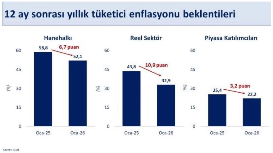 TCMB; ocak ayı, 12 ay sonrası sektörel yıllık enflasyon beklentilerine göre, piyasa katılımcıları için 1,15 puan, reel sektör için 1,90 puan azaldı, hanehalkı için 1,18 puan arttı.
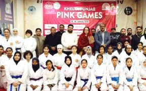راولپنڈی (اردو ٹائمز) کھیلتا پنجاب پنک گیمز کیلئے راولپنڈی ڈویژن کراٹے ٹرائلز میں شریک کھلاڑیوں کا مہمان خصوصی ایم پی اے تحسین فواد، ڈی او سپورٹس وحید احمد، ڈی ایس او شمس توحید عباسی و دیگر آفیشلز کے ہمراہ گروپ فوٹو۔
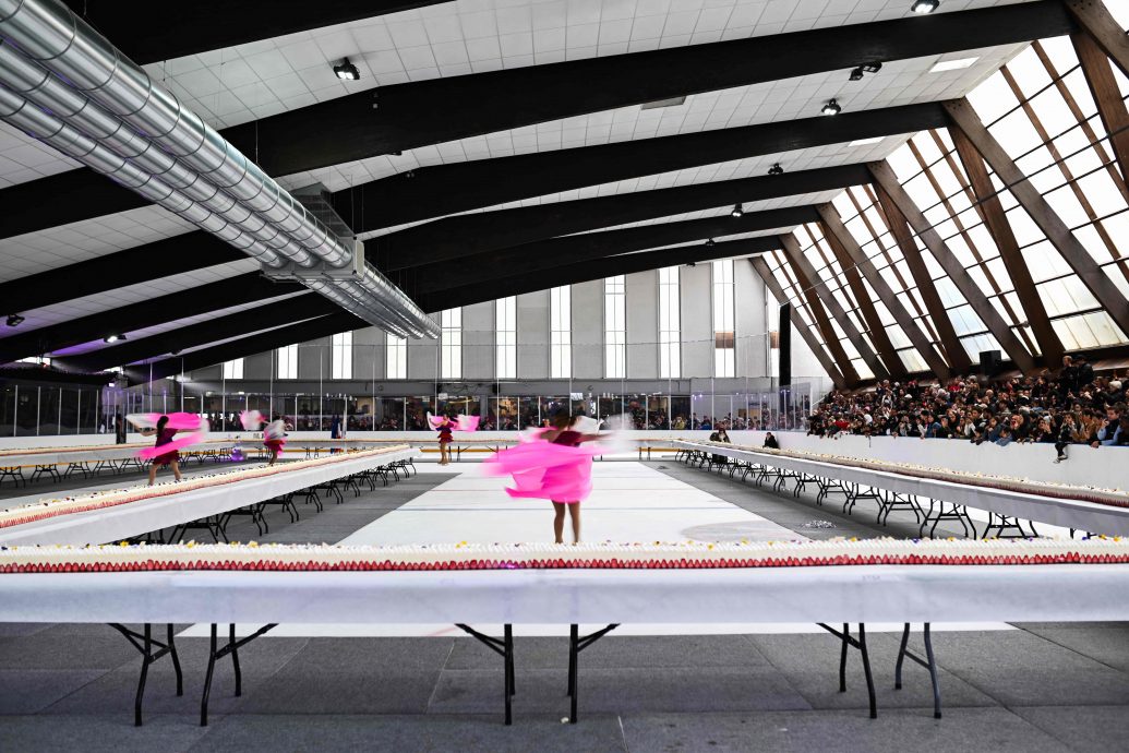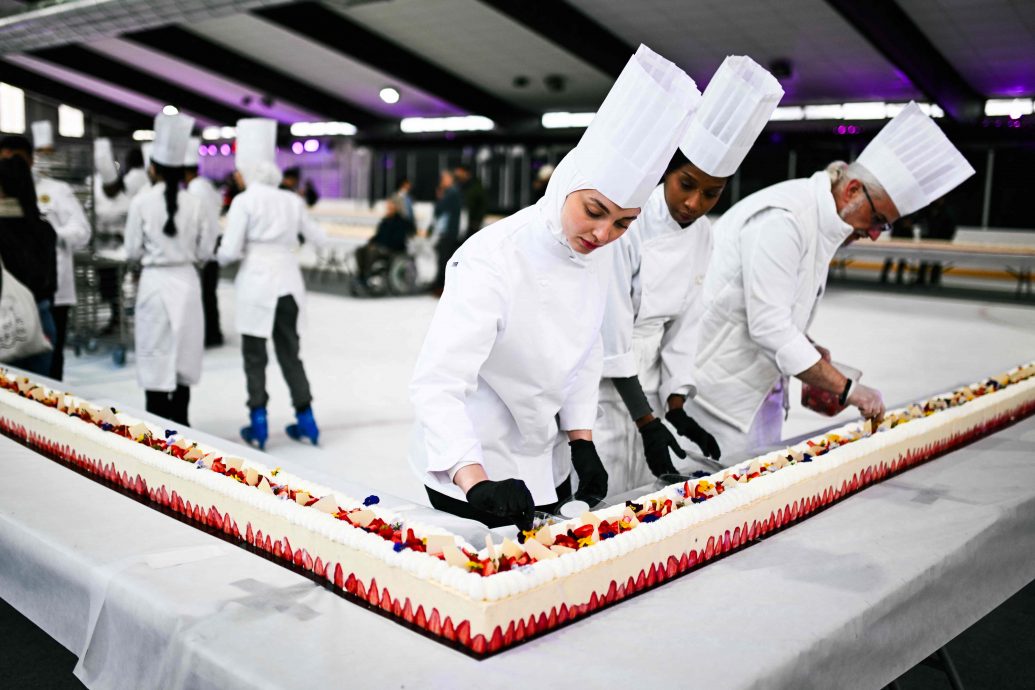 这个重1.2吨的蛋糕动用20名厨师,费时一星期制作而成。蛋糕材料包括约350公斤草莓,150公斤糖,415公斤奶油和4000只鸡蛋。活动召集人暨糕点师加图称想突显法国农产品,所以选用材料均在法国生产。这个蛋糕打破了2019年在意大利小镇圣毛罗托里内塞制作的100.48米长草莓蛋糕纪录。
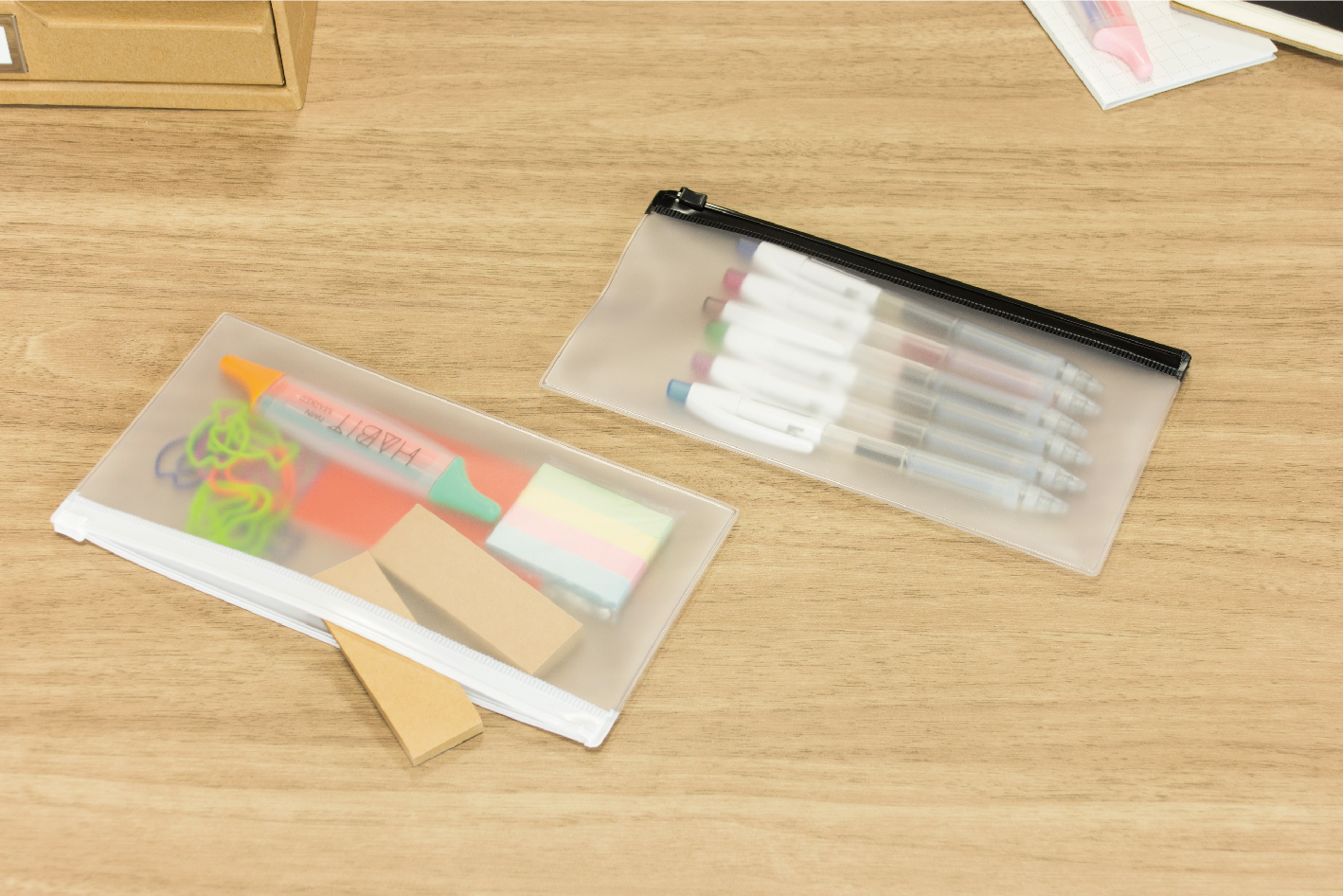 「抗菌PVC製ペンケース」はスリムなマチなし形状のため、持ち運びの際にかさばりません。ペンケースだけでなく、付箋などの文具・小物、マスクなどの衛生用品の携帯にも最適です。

PROBLEM:
The output consists of exactly the lines from the one containing "这个重1.2吨的蛋糕动用20" through the last line of the listing, both included, with no pictures.

RESULT:
 这个重1.2吨的蛋糕动用20名厨师,费时一星期制作而成。蛋糕材料包括约350公斤草莓,150公斤糖,415公斤奶油和4000只鸡蛋。活动召集人暨糕点师加图称想突显法国农产品,所以选用材料均在法国生产。这个蛋糕打破了2019年在意大利小镇圣毛罗托里内塞制作的100.48米长草莓蛋糕纪录。
 「抗菌PVC製ペンケース」はスリムなマチなし形状のため、持ち運びの際にかさばりません。ペンケースだけでなく、付箋などの文具・小物、マスクなどの衛生用品の携帯にも最適です。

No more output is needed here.